Re: Annotation syntax [was: SPARQL* test suite]

On 30/08/2020 19:08, Andy Seaborne wrote:
>
>
> On 29/08/2020 20:54, Gregg Kellogg wrote:
>> On Aug 29, 2020, at 12:35 PM, Andy Seaborne <andy@apache.org> wrote:
>>>>>> On 28 Aug 2020, at 03:06, Holger Knublauch 
>>>>>> <holger@topquadrant.com> wrote:
>>>>>
>>> ...
>>>
>>>>> I, for one, keep being unimpressed by the Turtle syntax, which 
>>>>> ends up becoming quite redundant because depending on the 
>>>>> interpretation a triple needs to be stated twice (once for the 
>>>>> actual assertion and once for the reifications). We are for now 
>>>>> using a syntax such as
>>>>>
>>>>> ex:subject ex:predicate ex:object [[
>>>>>      ex:created "2010-10-10"^^xsd:date ;
>>>>> ]]
>>>
>>> Yes, there is room for annotation syntax. Stardog has the annotation 
>>> after the predicate, before the object (guess: to avoid a problem 
>>> with TriG). What happens about object lists?
I wouldn't worry too much about edge cases as long as the primary use 
case (annotation triples about normal triples) is covered. Putting these 
blocks after the triple makes it pretty to print for multiple rows of 
annotations.
>>>
>>> ]] can occur in Turtle data.
>>
>> [[ can occur in Notation-3, which will eventually want compatibility 
>> with RDF*, too.
>>
>>> Given that {} is used for grouping in TriG and SPARQL:
>>>
>>> {%...%}
>>> {|...|}
>>> {!...!}
>>> {{...}}
>>
>> Same for {{ in N3., but I do like the other suggestions.
>
> Thanks for the reminder.
>
> Once upon a time, {$...$} was a proposed N3 syntax for sets as literals.

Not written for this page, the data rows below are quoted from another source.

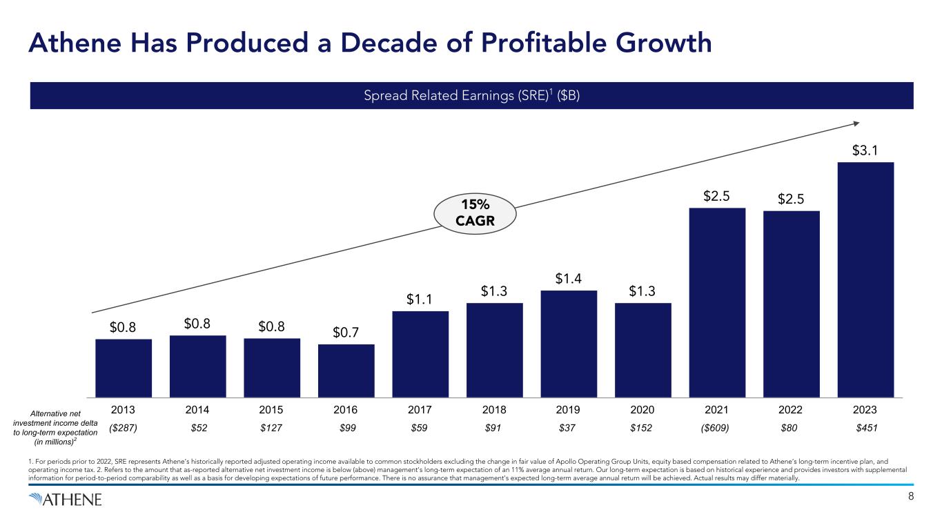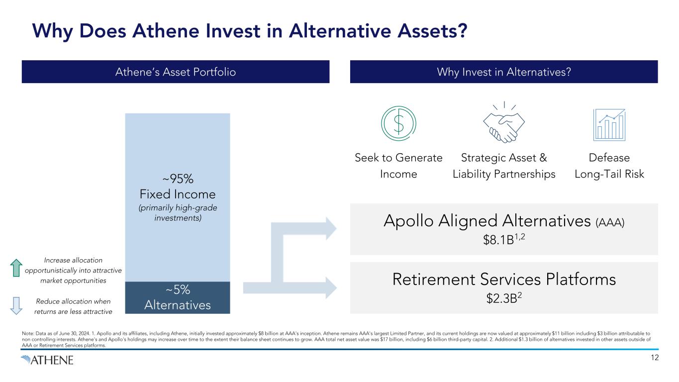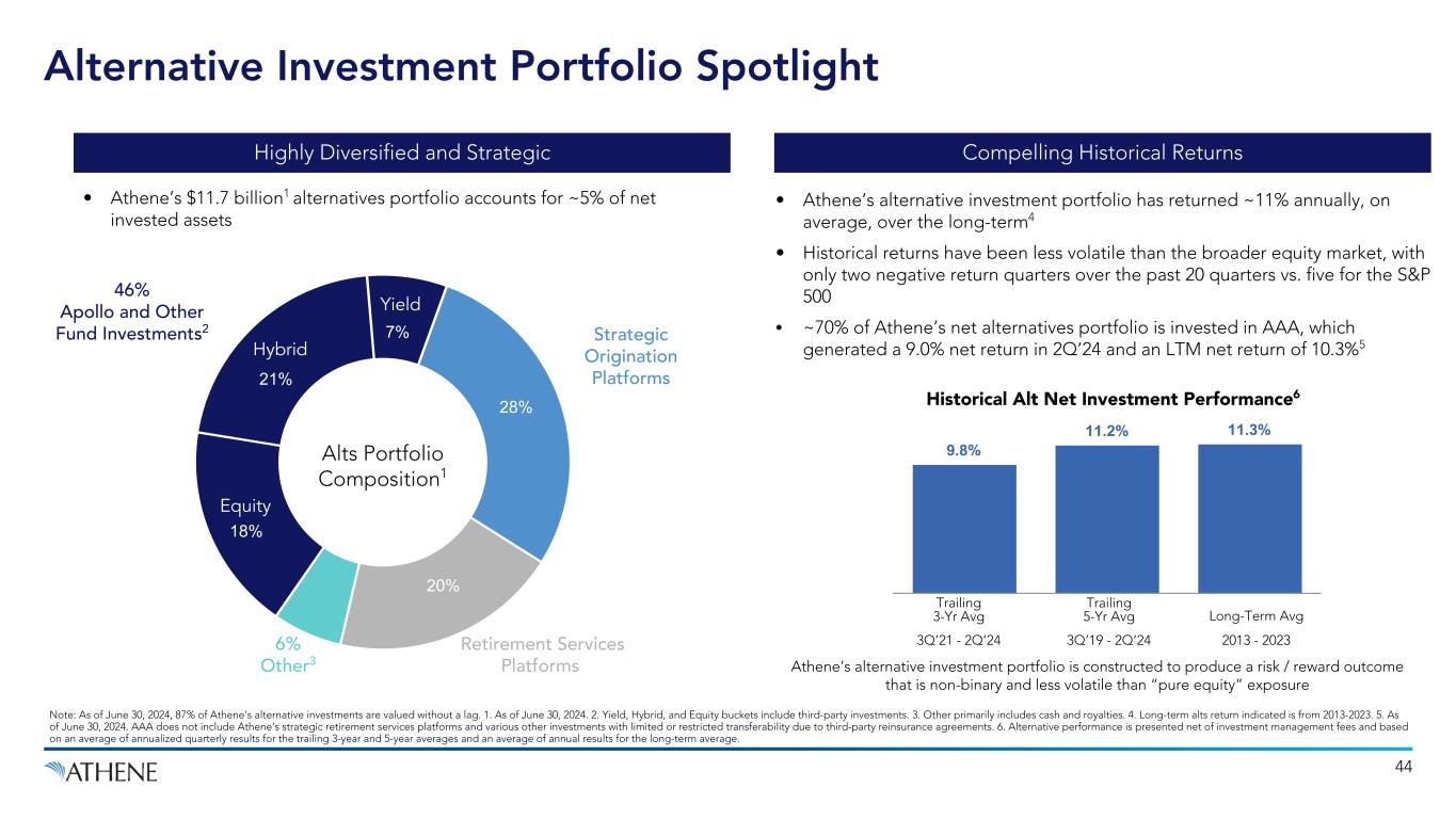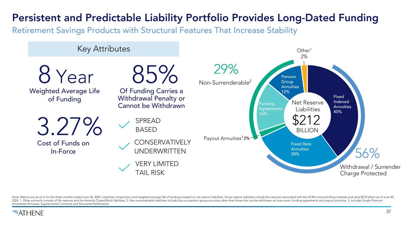 Disclaimer This presentation does not constitute an offer to sell, or the solicitation of an offer to buy, any security of Athene Holding Ltd. (“AHL” and together with its consolidated subsidiaries, “Athene”). This presentation is not intended to constitute a solicitation of any insurance policy or contract or application therefor. Unless the context requires otherwise, references in this presentation to “Apollo" and "AGM" refer to Apollo Global Management, Inc., together with its subsidiaries, references in this presentation to "AGM HoldCo" refer to Apollo Global Management, Inc., and references in this presentation to “AAM” refer to Apollo Asset Management, Inc., a subsidiary of Apollo Global Management, Inc. This presentation contains, and certain oral statements made by Athene’s representatives from time to time may contain, forward-looking statements within the meaning of the Private Securities Litigation Reform Act of 1995, Section 27A of the Securities Act of 1933, as amended, and Section 21E of the Securities Exchange Act of 1934, as amended. Such statements are subject to risks, uncertainties and assumptions that could cause actual results, events and developments to differ materially from those set forth in, or implied by, such statements. These statements are based on the beliefs and assumptions of Athene’s management. Generally, forward-looking statements include actions, events, results, strategies and expectations and are often identifiable by use of the words “believes,” “expects,” “intends,” “anticipates,” “plans,” “seeks,” “estimates,” “projects,” “may,” “will,” “could,” “might,” or “continues” or similar expressions. Forward- looking statements within this presentation include, but are not limited to, benefits to be derived from Athene's capital allocation decisions; the anticipated performance of Athene's portfolio in certain stress or recessionary environments; the performance of Athene's business; general economic conditions; expected future operating results; Athene's liquidity and capital resources; and other non-historical statements. Although Athene management believes that the expectations reflected in these forward-looking statements are reasonable, it can give no assurance that these expectations will prove to be correct. For a discussion of other risks and uncertainties related to Athene's forward-looking statements, see its annual report on Form 10-K for the year ended December 31, 2023 and quarterly report on Form 10-Q filed for the period ended June 30, 2024, which can be found at the SEC’s website at www.sec.gov. All forward- looking statements described herein are qualified by these cautionary statements and there can be no assurance that the actual results, events or developments referenced herein will occur or be realized. Athene does not undertake any obligation to update or revise forward-looking statements to reflect changed assumptions, the occurrence of unanticipated events or changes to future operating results. Athene adopted the US GAAP accounting standard related to Targeted Improvements to the Accounting for Long-Duration Contracts (LDTI) as of January 1, 2023, which required Athene to apply the new standard retrospectively back to January 1, 2022, the date of Athene’s merger with AGM. Certain 2022 US GAAP financial metrics and disclosures in this presentation have been retrospectively adjusted in accordance with the requirements of the adoption guidance of LDTI. Please refer to the discussion of Non-GAAP Measures and Definitions herein for additional information on items that are excluded from Athene’s non-GAAP measure of spread related earnings, which was retrospectively adjusted in accordance with the requirements of the adoption guidance of LDTI. Information contained herein may include information respecting prior performance of Athene. Information respecting prior performance, while a useful tool, is not necessarily indicative of actual results to be achieved in the future, which is dependent upon many factors, many of which are beyond Athene's control. The information contained herein is not a guarantee of future performance by Athene, and actual outcomes and results may differ materially from any historic, pro forma or projected financial results indicated herein. Certain of the financial information contained herein is unaudited or based on the application of non-GAAP financial measures. These non-GAAP financial measures should be considered in addition to and not as a substitute for, or superior to, financial measures presented in accordance with GAAP. Furthermore, certain financial information is based on estimates of management. These estimates, which are based on the reasonable expectations of management, are subject to change and there can be no assurance that they will prove to be correct. The information contained herein does not purport to be all-inclusive or contain all information that an evaluator may require in order to properly evaluate the business, prospects or value of Athene. Athene does not have any obligation to update this presentation and the information may change at any time without notice. Models that may be contained herein (the “Models”) are being provided for illustrative and discussion purposes only and are not intended to forecast or predict future events. Information provided in the Models may not reflect the most current data and is subject to change. The Models are based on estimates and assumptions that are also subject to change and may be subject to significant business, economic and competitive uncertainties, including numerous uncontrollable market and event driven situations. There is no guarantee that the information presented in the Models is accurate. Actual results may differ materially from those reflected and contemplated in such hypothetical, forward- looking information. Undue reliance should not be placed o
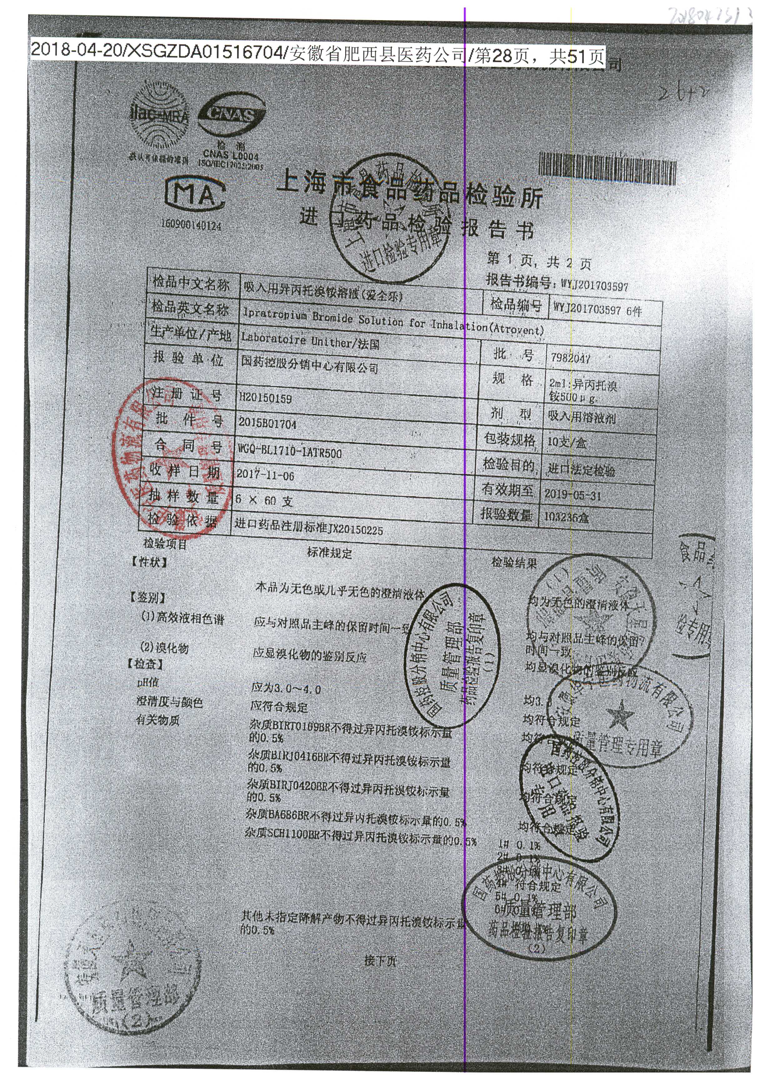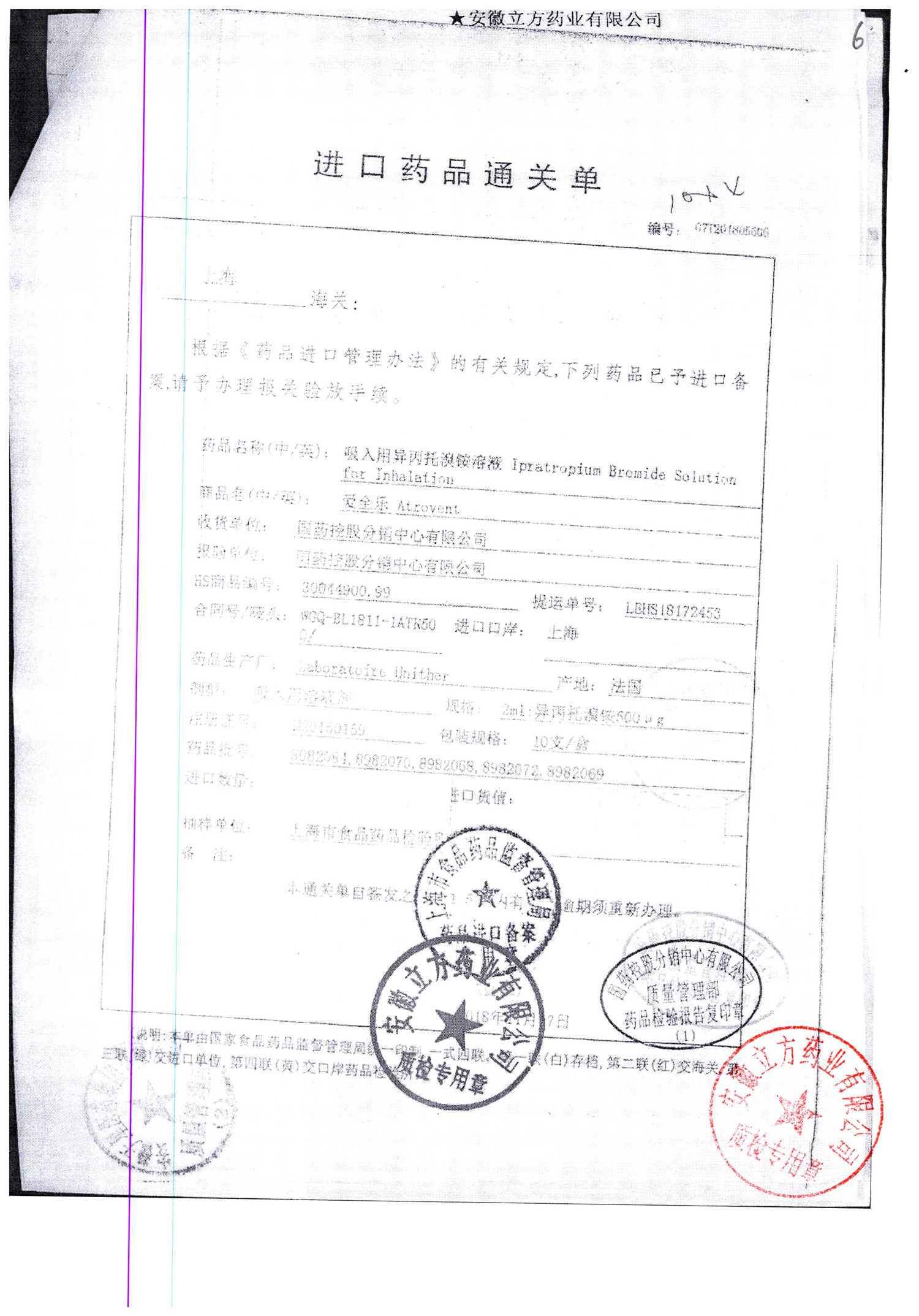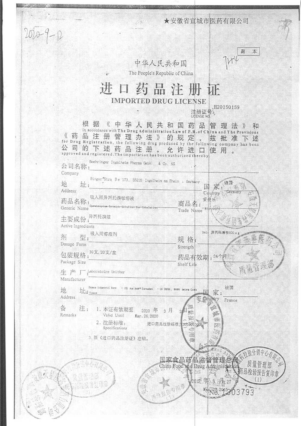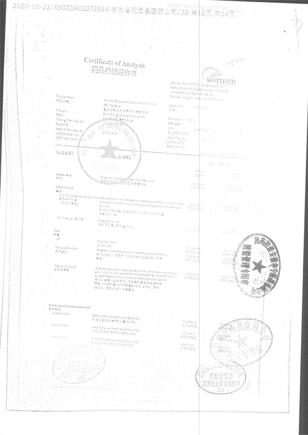 | 吸入用異丙托溴銨溶液 | 2ml*10支 | 7982044(注冊(cè)證) | 查看詳情 |
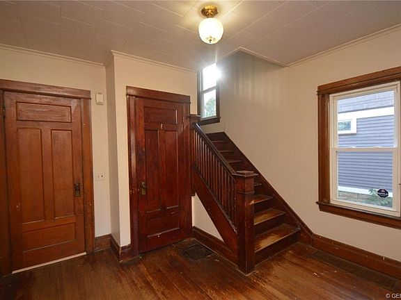 Nice front porch on this 3/4 bedroom square Colonial on beautiful Crawford Street near Highland Park. Brand new tear off roof. Some natural wood and pocket doors. Large 2 car garage. Fenced backyard.
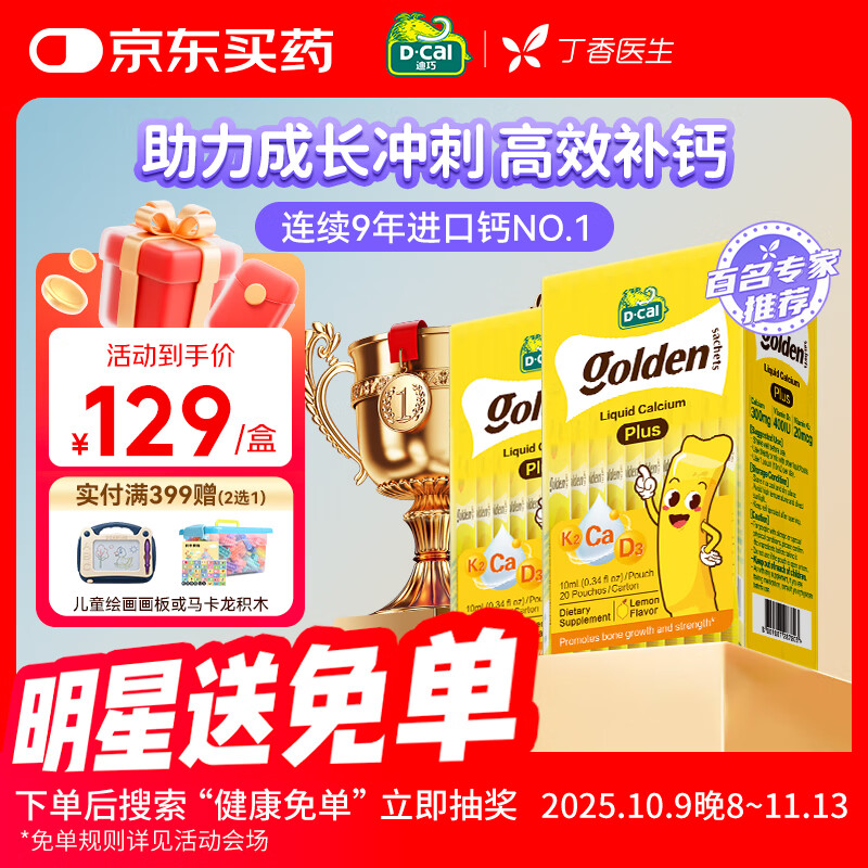 迪巧[丁香医生推荐]小黄条液体钙plus儿童钙青少年补钙柠檬酸钙 D3+K2 【囤货装】小黄条PLUS 10ml*40条
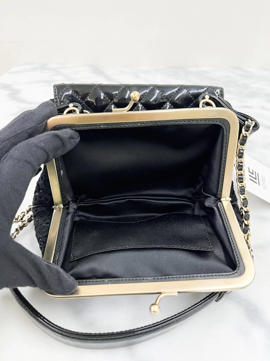 Exterior: Bolsa Chanel Mini Kiss Lock Double Bag composta por 2 bolsas acopladas, sendo a primeira em couro envernizado preto, logo frontal, ferragens champagne e fechamento por botão magnético. A segunda em tecido de renda preto, ferragens champagne e fechamento por boca de lobo - Possui alça fixa de ombro para ambas as peças.
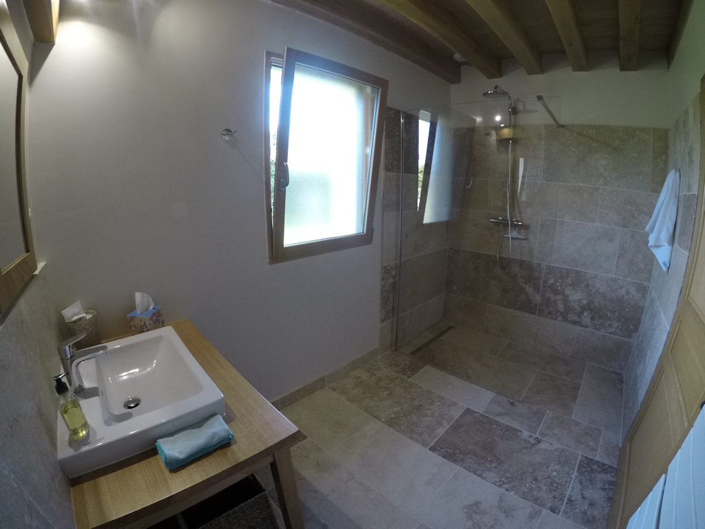 Salle de bains 1 : Douche à l'italienne, Vasque, Sèche-cheveux, Sèche-serviettes
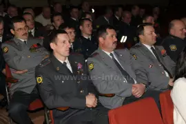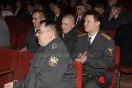 Глава города Юрий Гришкин, в частности, отметил, что благодаря работникам межмуниципального отдела МВД за последний год удалось оздоровить обстановку в Гусь-Хрустальном. Собравшиеся в зале узнали об утверждении городской программы до 2014 года, согласно которой предстоит оснастить гусевскую полицию современным оборудованием для борьбы с правонарушителями. Юрий Владимирович передал начальнику отдела, полковнику полиции Алексею Киселеву направления на получение квартир в новом доме для семей троих гусевских полицейских, полученных по ходатайству руководства отдела.
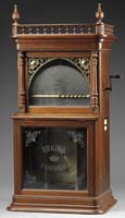 HANDSOME EARLY 18TH OR LATE 17TH CENTURY MAHOGANY LOOKING GLASS. Molded mahogany veneered frame with stepped top. The early silvered mirror in two parts; top panel is wonderfully cut with a design of birds, urns, flowers etc. Retains original backboard. SIZE: 34-1/2″ h x 16-1/2″ w. PROVENANCE: From the private collection of Dorothy-Lee Jones.. CONDITION: Generally very good. 9-23572 (1,500-2,500)
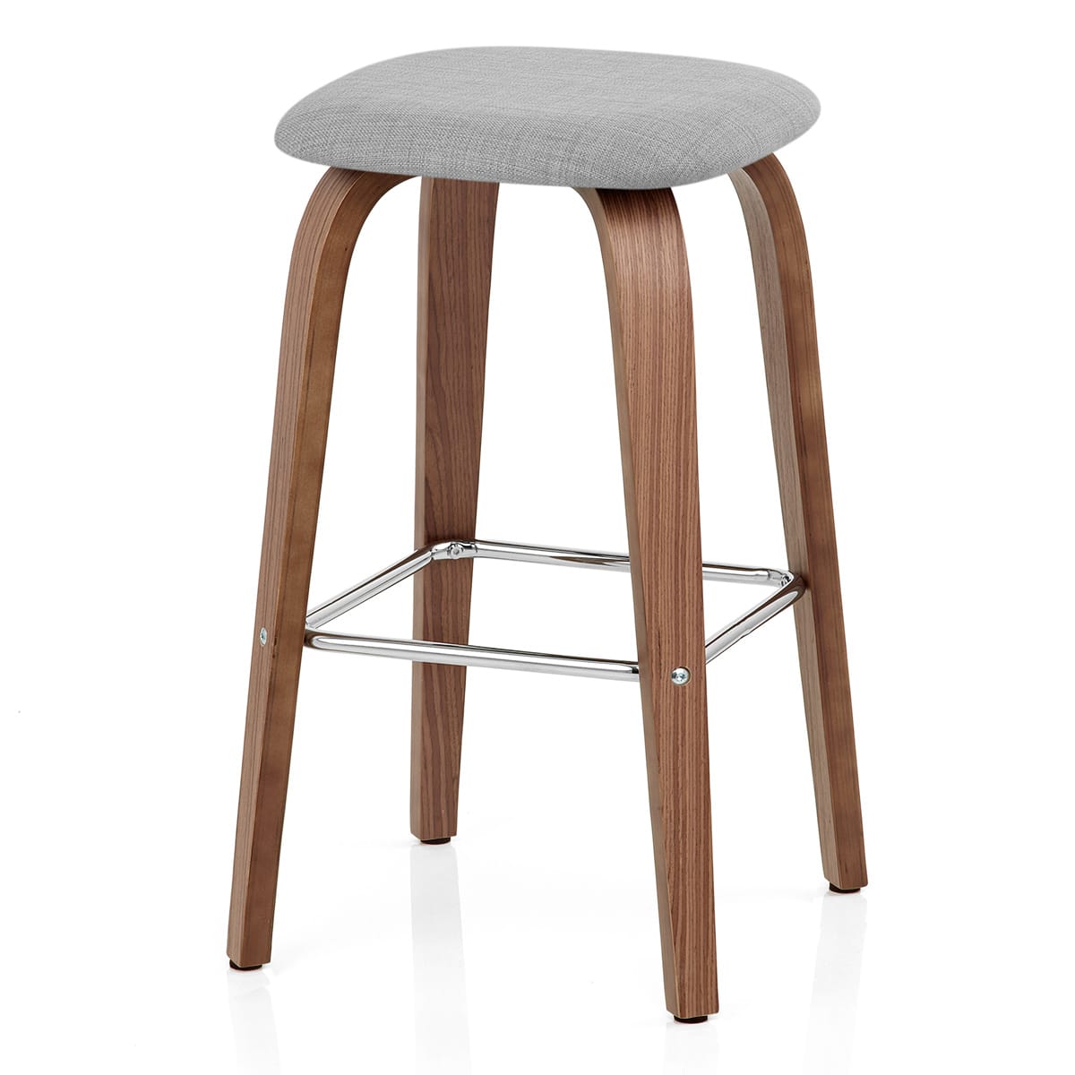 Fixed at the perfect height for domestic use, the four-legged frame is crafted from natural bentwood with a stylish walnut finish. A square-shaped bracing bar is also included, made of contrasting mirrored chrome, and doubling up as a supportive perch for your feet. Finally, the Stockholm is complete with protective floor plugs, designed to help keep your floor safe from scratches.

Any above syntax would work fine as long as any of them gets de-facto 
standard support. For now we have used [[ ... ]] in our tools yet this 
is easy to change, and if this would make it into a future Jena version 
then we can migrate to that implementation instead of our home-baked hack.

Does anyone here see problems with adding such a TTL extension?